--- INSTRUCTIONS TO FOLLOW ---
In the listing below, find the line containing "紧接着,Rick教授分析了目" and the line containing "Glaskrug mit Zinndeckel", then copy exactly everything from the first through the second, except the pictures.

--- INPUT DATA ---
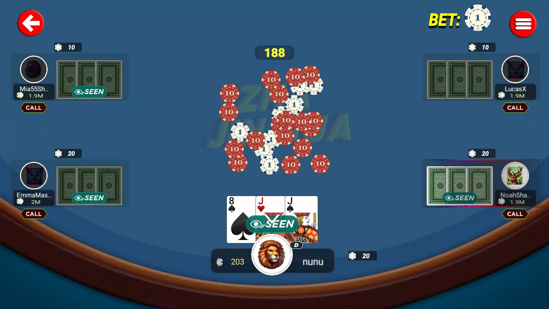 – 可选择 盲注(Blind) 或 看牌(Seen),影响下注倍数与策略方向。
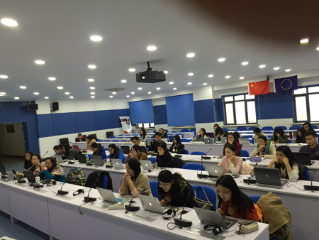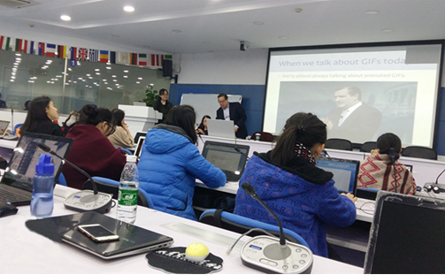 紧接着,Rick教授分析了目前大数据时代受众“读图化”的阅读趋向,并配合幻灯片一步步讲述运用制图工具生成动态图像的方法。为了让同学们更加有效地学习到制图技术,Pam女士还以她个人常用的制图工具为例,亲自演示动态图生成过程,包括截屏、合成等细节,并为现场观众推荐了诸多实用的工具资源,供课后学习与操作。
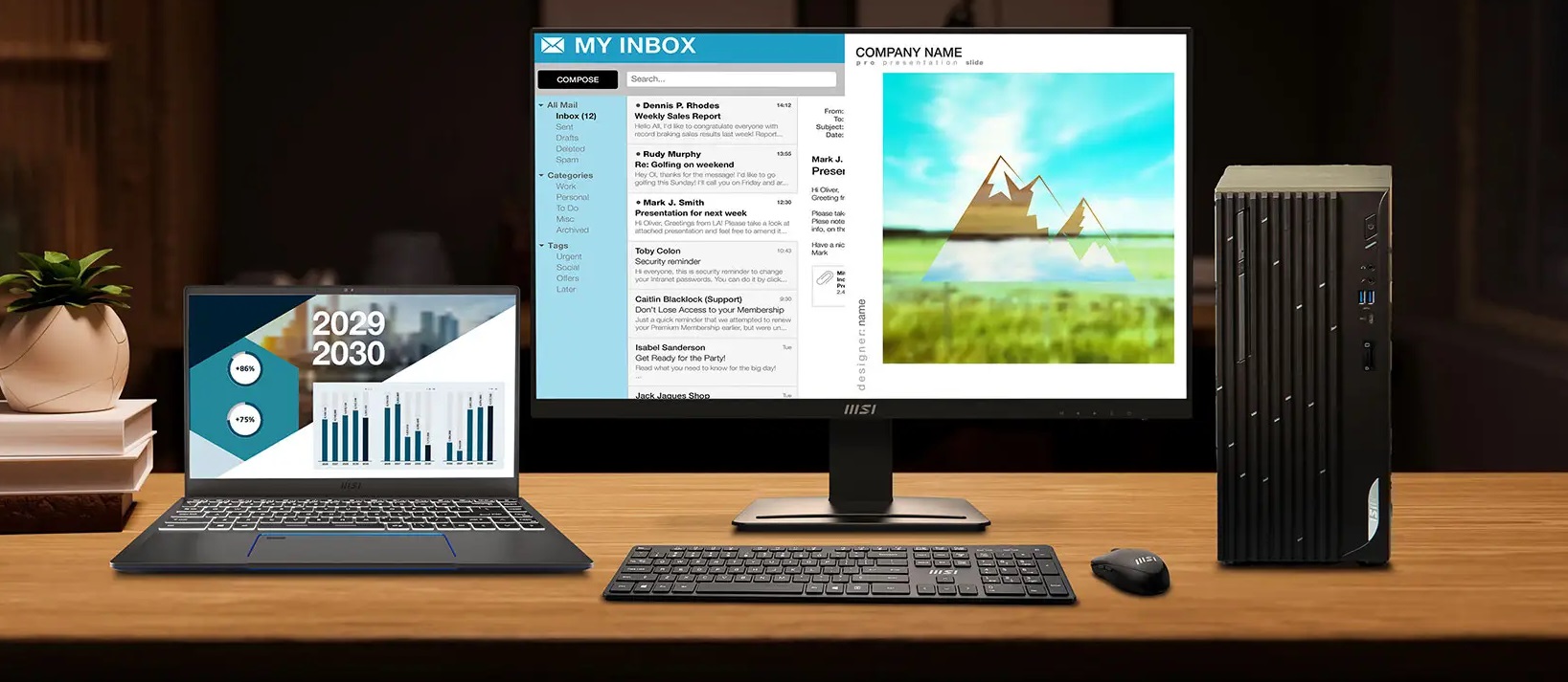 Díky exkluzivní funkci MSI Productivity Intelligence (P.I.) je naprosto snadné nastavit a přepínat obraz v obraze (PIP) i obraz po obraze (PBP), což vám umožní zobrazit kreativní obsah z více zdrojů současně.
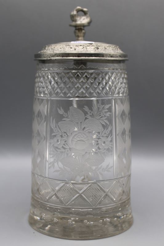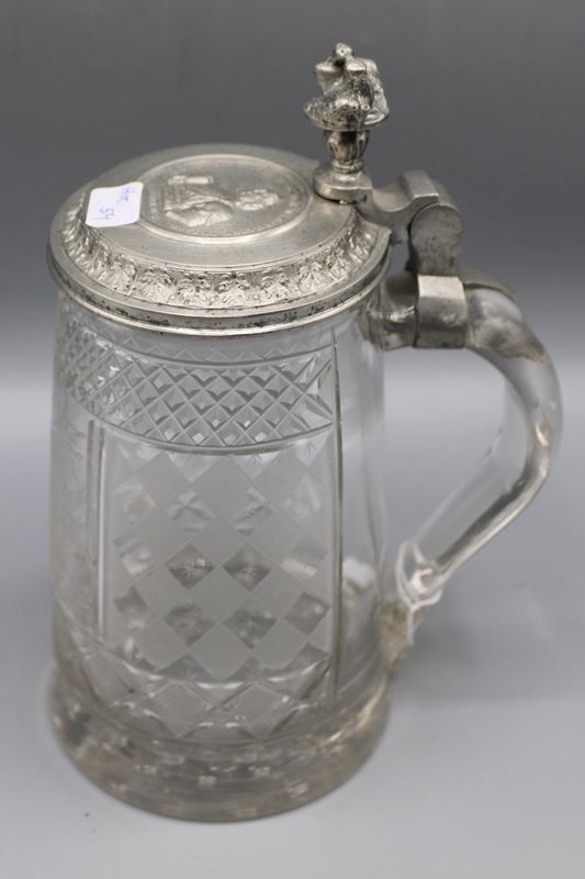 Glaskrug mit Zinndeckel Gambrinus Bay. W. 19 Jh.
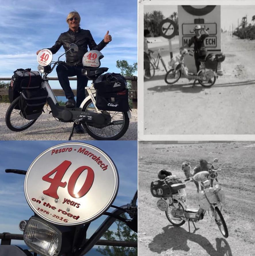 Emerson was perfectly organised when he left: his moped was fitted out down to the smallest detail, with a “celebratory” plaque fitted above the headlamp, a “registration plate” with his name and an adhesive of the Italian flag, and a personalised helmet. He remembers his first trip: “In 1976 there were no mobile phones, communication was difficult and travelling to Morocco really was an adventure. It was a period of political and social difficulties in Italy; I was a rock ‘n roll boy, I listened to rock music and dreamed of adventures. It’s great travelling on a motorcycle, but a Ciao is all you need to go, the wind in your face, to explore places and people, smells and experiences, in the company of your thoughts.” Emerson is an expert two-wheel traveller, but very careful about safety: “Forty years, even though it wasn’t compulsory, I was already wearing a crash helmet.” A great example for the youngsters.
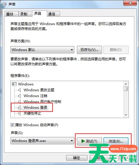 4、我们看到默认方案时下方的“播放”和“预览”都是灰色状态,那么我们从程序事件选项下找到“windows登录”选项,这时下方的播放和预览状态变成了实体,我们点击浏览然后并找到存放音乐的路径选择即可,这时可以看到登录声音已经变成了我们设置的音乐,点击应用后即可生效。
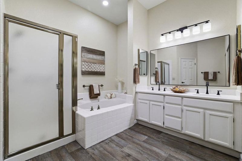 - Double Sinks, Primary - Oversized Tub, Primary - Stall Shower(s), Shower and Tub, Solid Surface
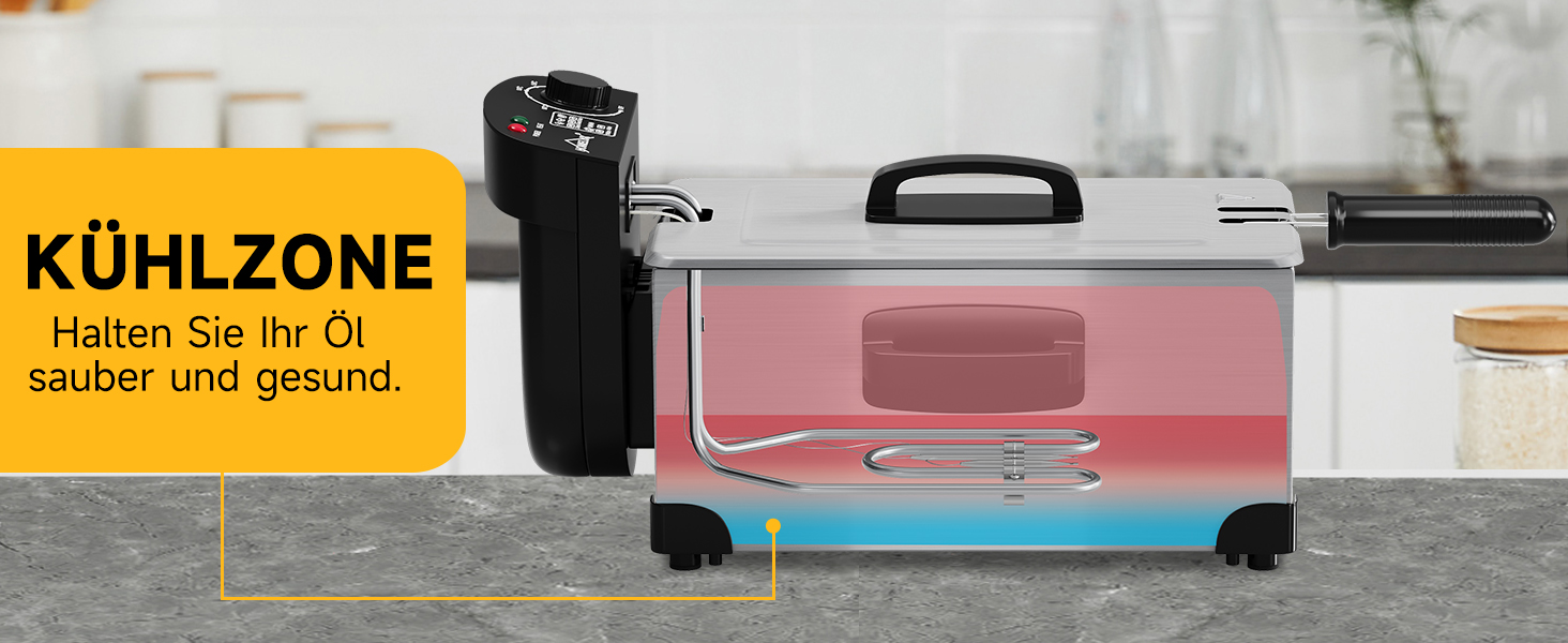 Elektrische deep fryer verwendet eingetauchten Heizelements für eine kurze Aufheizzeit. Eine kaltezone unter dem Fettbehälter verhindert, dass aus dem Frittierkorb herausfallende Rückstände verbrennen und das Öl verdirbt.
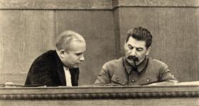 Хрущев сделал еще шаг назад, спрятавшись от Сталина за трибуну.
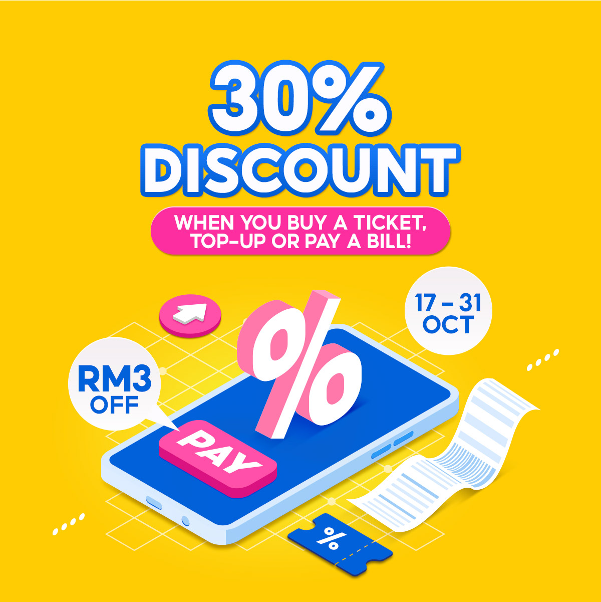 充值手机号码、缴付账单货购买入门票享有30%折扣(高达RM3)
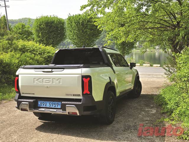 사진=더아이오토/KGM 무쏘 EV는 당당한 리어 스타일을 갖추고 있다
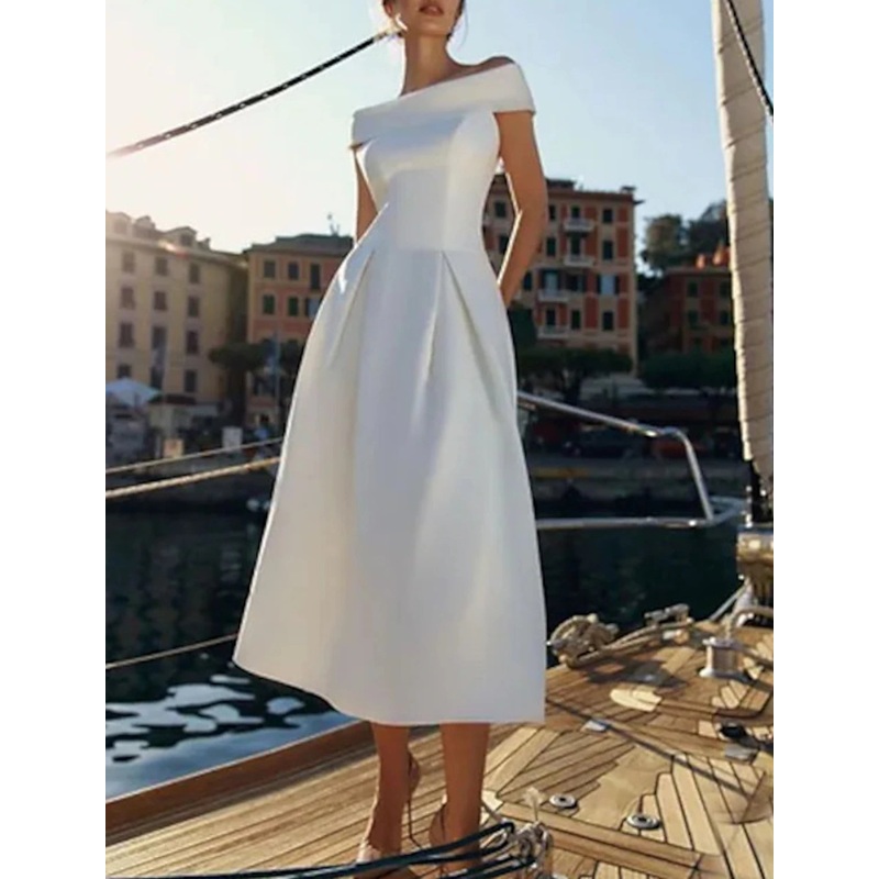 Be the first to review “A-Line Wedding Guest Dresses Elegant Dress Wedding Party Birthday Tea Length Short Sleeve Off Shoulder Satin with Pure Color”
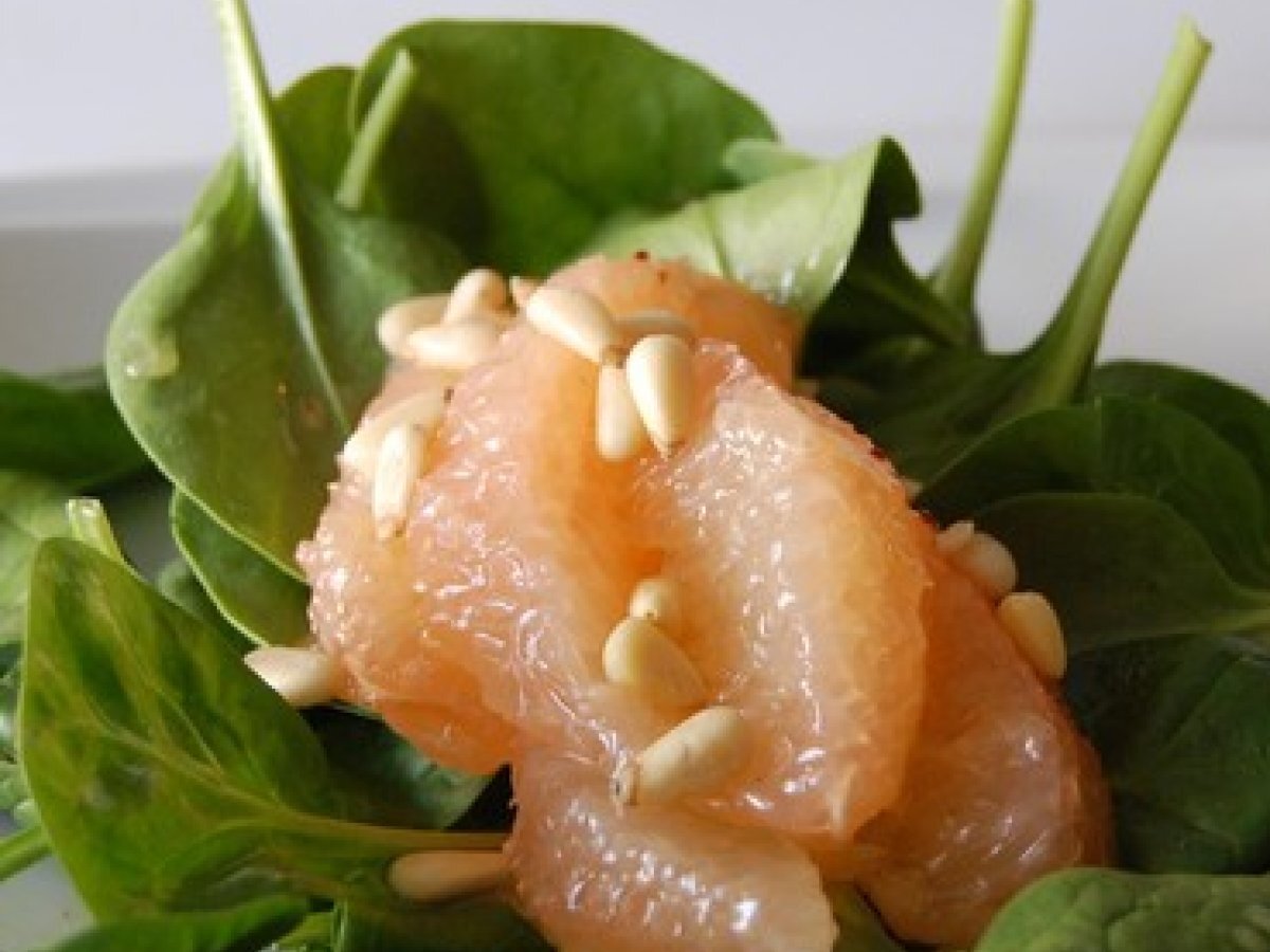 Épinards et pamplemousses, vinaigrette au vinaigre de framboise

--- SOLUTION TO THE PROBLEM ---
 紧接着,Rick教授分析了目前大数据时代受众“读图化”的阅读趋向,并配合幻灯片一步步讲述运用制图工具生成动态图像的方法。为了让同学们更加有效地学习到制图技术,Pam女士还以她个人常用的制图工具为例,亲自演示动态图生成过程,包括截屏、合成等细节,并为现场观众推荐了诸多实用的工具资源,供课后学习与操作。
 Díky exkluzivní funkci MSI Productivity Intelligence (P.I.) je naprosto snadné nastavit a přepínat obraz v obraze (PIP) i obraz po obraze (PBP), což vám umožní zobrazit kreativní obsah z více zdrojů současně.
 Glaskrug mit Zinndeckel Gambrinus Bay. W. 19 Jh.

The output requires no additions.